Personal information
- Full name: Charles Thorn
- Born: November 1877 Scotland
- Died: Unknown
- Sporting nationality: Scotland United States

Career
- Status: Professional

Best results in major championships
- Masters Tournament: DNP
- PGA Championship: DNP
- U.S. Open: 7th: 1902
- The Open Championship: DNP

= Charles Thorn (golfer) =

Scottish-American golfer (born 1887)

Charles Thorn (born November 1877) was a Scottish-American professional golfer. Thorn placed seventh in the 1902 U.S. Open.

==Early life==
In 1879 at age 2, he emigrated with his family to the United States and became a naturalized American citizen. In 1900 he was boarding with the George Eke family at Shelter Island, New York.

==Golf career==

===Head professional jobs===
By 1901 he was serving as the professional at Bedford Springs Hotel resort course in Bedford Springs, Pennsylvania, one of the oldest golf courses in the country. While there, he worked to improve the course by rebuilding greens and tee boxes and installing an irrigation system using the natural springs found in the area as a water source. In January 1919 Thorn was the head professional at Miami Beach Golf Club in the winter months and spent his summers working at Shinnecock Hills Golf Club on Long Island, New York.
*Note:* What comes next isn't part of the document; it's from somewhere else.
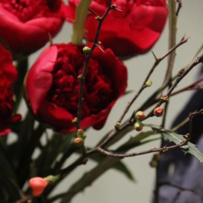 Пионы, гревиллия и ветви

===Major championship tournaments===
Thorn was in the field for the playing of the eighth U.S. Open in 1902. The golf tournament was held October 10–11, 1902, at Garden City Golf Club in Garden City, New York. Fellow Scotsman Laurie Auchterlonie established a new 72-hole U.S. Open scoring record to win his first U.S. Open title by six strokes ahead of Stewart Gardner and Walter Travis. Thorn's steady play resulted in a seventh-place finish.

Auchterlonie turned in a record-breaking performance on his way to the championship. He posted rounds of 78-78-74-77, becoming the first golfer in U.S. Open history to card four sub-80 rounds. His 307 total was six shots better than the previous tournament record, set by Harry Vardon in 1900. Stewart Gardner and amateur Walter Travis, the designer of Garden City Golf Club, both posted a 313 total to share second place.

The low scores were in large part due to the introduction of the Haskell golf ball, which soon replaced the gutta-percha ball as the prominent golf ball in use.